鵲(かささぎ)の橋を渡って

美月の過去

美月は、医学生だった。その時の2年後輩が伊織だった。二人とも小児科志望で、院内学級でのボランティアに従事するうちに、少しずつひかれあった。その年の七夕に、児童たちの笹を飾り終えた夜、和菓子好きの美月に伊織が慰労でプレゼントしてくれたのが、この和菓子で、銘を「鵲(かささぎ)」といった。

だが彼らの淡い恋は実らなかった。横恋慕した先輩が、その夜の帰りに美月を待ち伏せして無理矢理ものにしたからだ。そして彼女は望まない妊娠をした。
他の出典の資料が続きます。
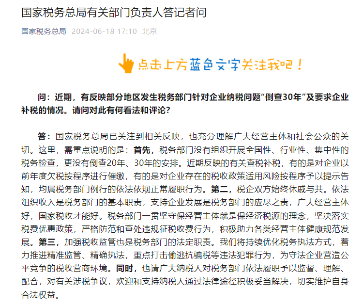 6月18日,國家稅務總局官方微信發(fā)布答記者問消息。”辟謠“部分地區(qū)發(fā)生稅務部門針對企業(yè)納稅問題“倒查30年”及要求企業(yè)補稅的相關問題。
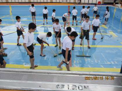 来週からの水泳学習に向けて、6年生がプール掃除をしました。プールの中,階段・更衣室などわかれて、一生懸命にしてくれました。2年分の掃除だったので、大変でした。でも、掃除が終わった後の6年生は、とても、すがすがしい顔をしていました。ご苦労様でした。6年生は、再来週からの水泳学習を楽しみましょう。
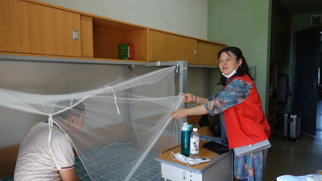 根据疫情防控的需要,家长不能陪同进校,学校不仅安排了学生志愿者,全体老师都作为志愿者参与了新生报到服务,并且每个寝室都安排了一名教师指导新生整理内务,细致贴心,热情服务。

美月は退学した。そして自分を襲った先輩と結婚し、子どもも産んだのだ。望まない妊娠としても、生まれる子どもに罪はない。産婦人科や小児科で学んだ美月の苦渋の決断だった。そして、夫となった先輩が、伊織をライバル視して、いつか殺すと息巻いた。彼は、冷たい医者でDV気質、気に入らないことがあると美月と子どもを虐待した。それでも、自分が我慢すれば夫を抑えられ、伊織に危害は加えられないだろう。美月はそう信じて耐えた。心に傷を負った彼女は、医療事務の資格をとってフルタイムで働き始めた。少しでも医療に携わっていたかった。かつての叶えられなかった小児科医になるという夢を、手放すことができない自分を嗤った。

ひょんなことから、彼女は大学病院事務の職を得た。そして、思ってもいなかった小児科医局への異動、伊織との再会……。

美月は、幸せを感じる自分を責め、一切伊織とは親しくしなかった。自分を律するために。なにより、将来のある伊織のために……。